This column first ran in Valerie Monroe’s newsletter, How Not to F*ck Up Your Face, which you can subscribe to on Substack.
Q: I love reading your newsletters, especially as a 33-year-old who generally hadn’t been concerned about aging until I hit 32. I got Botox in my forehead and in my jaw muscles and I’m so worried the result actually f*cked up my face. What I learned from doing the forehead Botox is that my elastic and varied facial expressions are my favorite things about my face, and now my eyebrows don’t move in unison … even after it seems the Botox has mostly worn off. And although the jaw Botox was the only thing that has ever helped my TMJ, my smile now looks entirely different to me than it did a year ago. I don’t like it. Is there any way to reverse this? I’ve begun using a NuFace and hoping it will stimulate the frozen muscles, but is there anything else? Should I resign myself to the fact that this is permanent?
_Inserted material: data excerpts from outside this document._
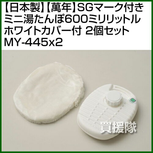 納期について:メーカー直送品(代引き不可)【送料無料 保温 カイロ 節電 エコ 省エネ 停電対策 本体 新品 価格 通販】日本製ポリ湯たんぽ容量600ミリリットルに、すぐにご使用できるカバー付セットミニサイズなので、職場やご家庭で場所を選ばずご使用できます。柔らかい起毛仕上げの繊維素材カバー付(洗濯可能)SGマーク(対人賠償責任保険付) 商品特徴 仕様品名 萬年 SGマーク付きミニ湯たんぽ600ミリリットルホワイトカバー付2個セット品番 MY-445x2重量(1個あたり) 270g(カバー含む、お湯入れないとき)【本体サイズ】(1個あたり) タテ20cm×ヨコ15.5cm×厚さ6.6cm【材質】 ・本体 ポリエチレン、日本製 ・カバー 表地ポリエステル35%アクリル65%、裏地ポリエステル、中国製【正味容量】(1個あたり) 600ミリリットルその他 SGマーク(対人賠償責任保険付) こちらの商品は北海道・沖縄・離島は別途送料お見積もりとなります。ご購入前にご連絡をお願い致します。
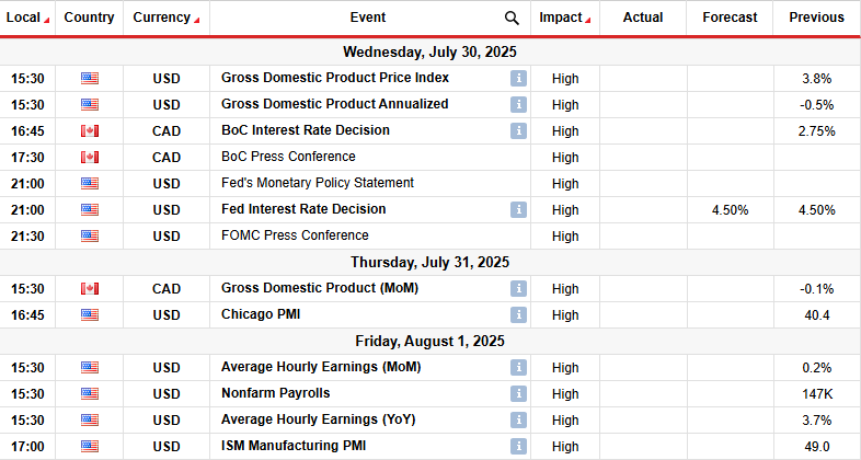 Next week, traders will focus on major economic events, including the US GDP, FOMC meeting, and the nonfarm payrolls report. Meanwhile, Canada will release its GDP report, and the Bank of Canada will also meet next week.
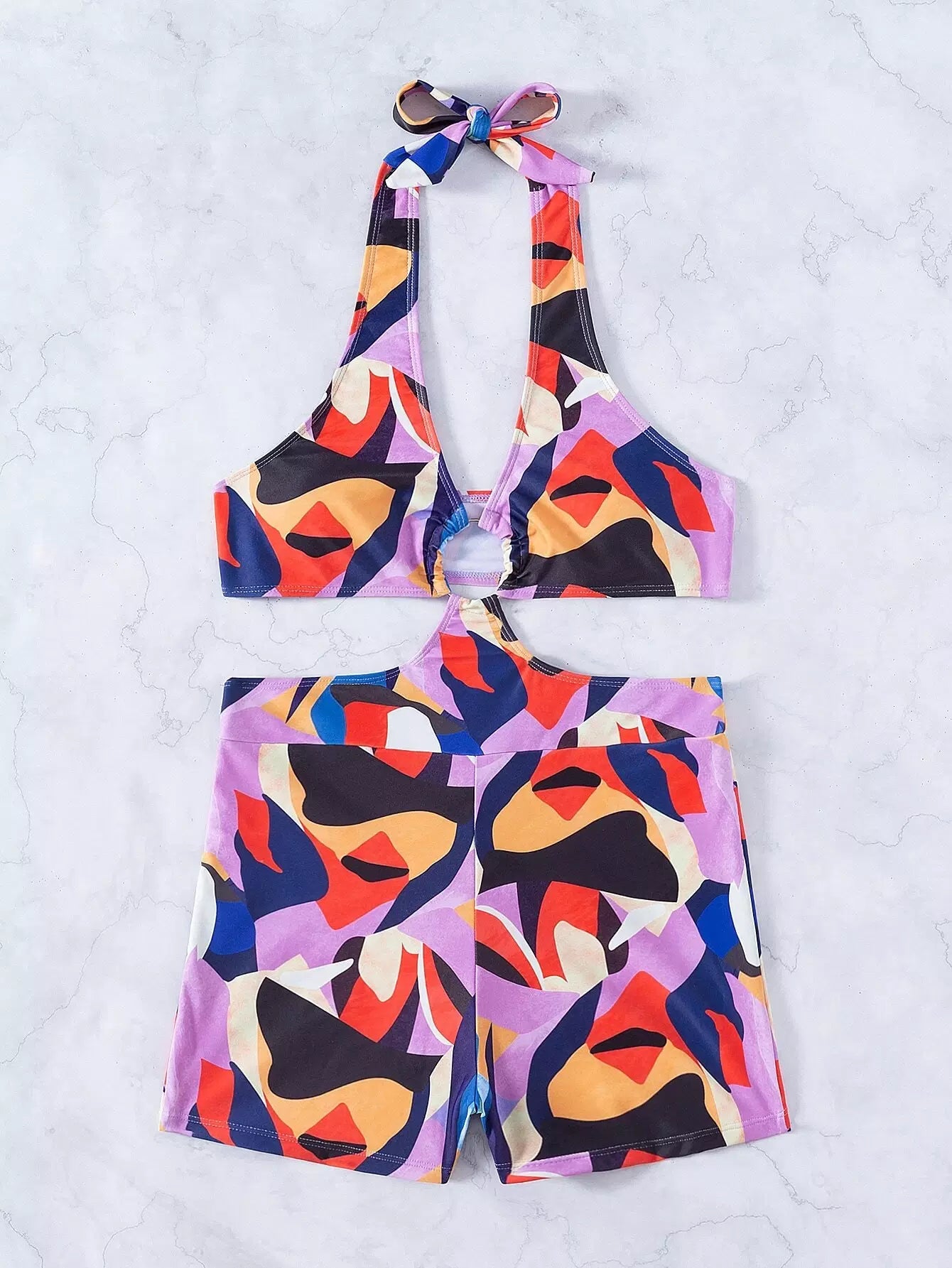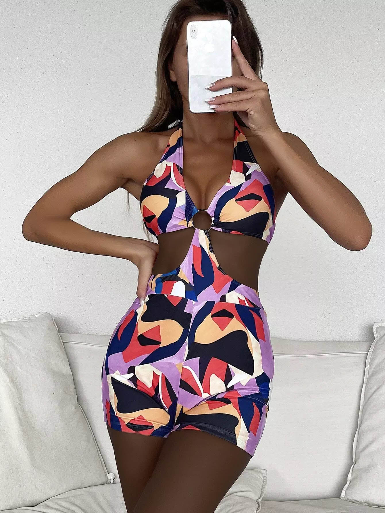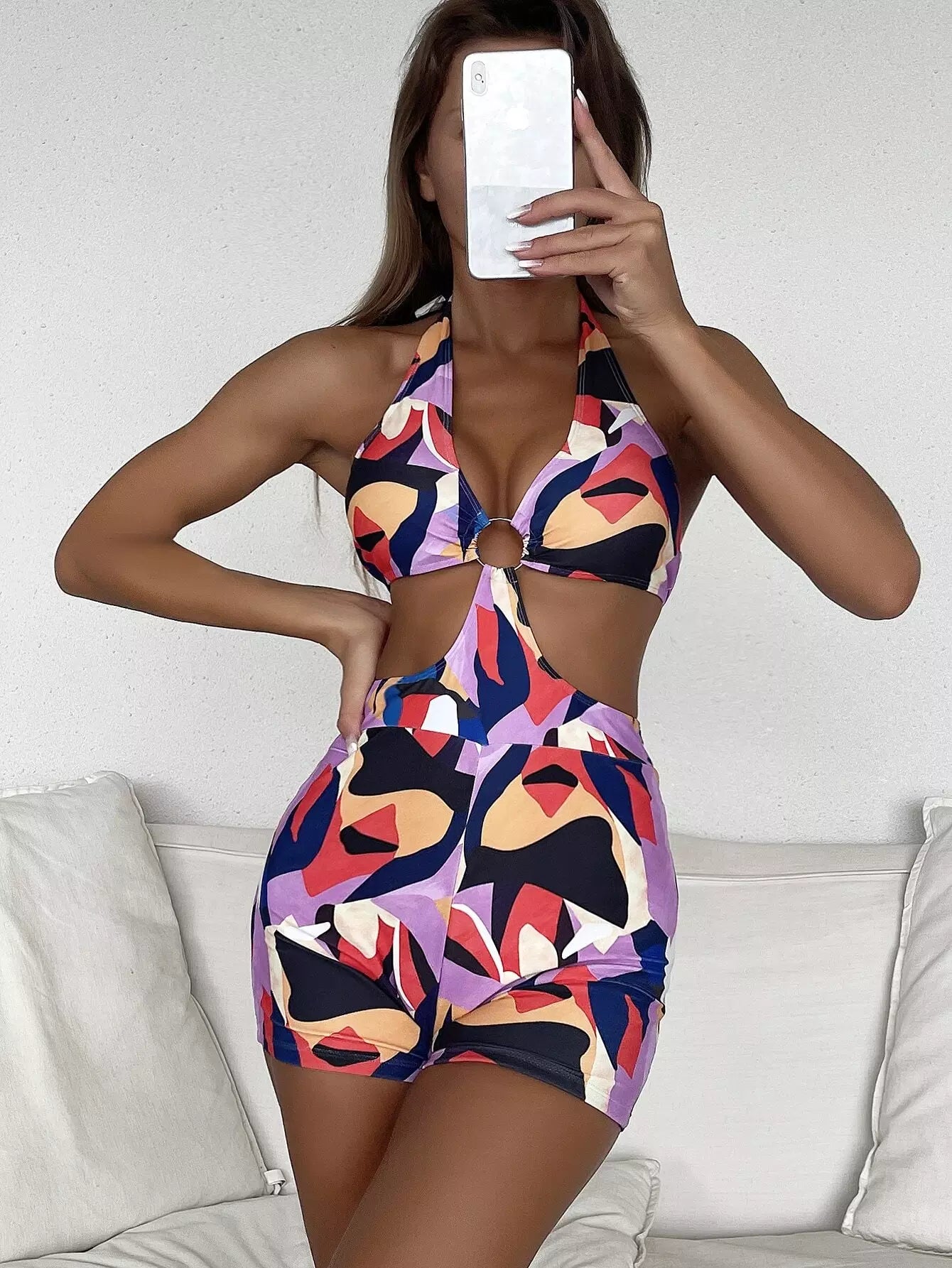 Allover Print Ring Linked Halter One Piece Swimsuit

A: First, dear E, thanks for trusting me with your question. And here is why you should take my advice: I’m a 73-year-old former magazine editor with decades of experience in the beauty industry, and I’ve seen it all. The good news is the neurotoxin will wear off; how long that takes depends on the injected type (Botox versus Xeomin versus Dysport) and your body chemistry. So be patient; I’m pretty sure there are no neurotoxin results that last more than approximately six months.
Most importantly, though, I think you should have a conversation with a board-certified dermatologist or plastic surgeon. They can reassure you that the effects aren’t permanent. That’s one thing. Another is that it’s helpful to remember no one sees you with the critical eye with which you see yourself. What seems like a visible difference to you may not be noticeable to anyone else. Lastly, NuFace isn’t likely to make a difference whether you’ve had neurotoxin or not; you can read what I wrote about it (and other microcurrent devices) here.
My advice: Relax. Make an appointment with a physician to get clarity (and to calm your fears). Then take advantage of the terrifically important lesson you learned about your face. How lovely to discover it at only 33!
As I was writing that response, two other young readers wrote:
As a 37-year-old who’s had a frozen forehead for the past seven years due to medical Botox, I hate it! It’s changed my smile and I worry my facial aging will look “off.”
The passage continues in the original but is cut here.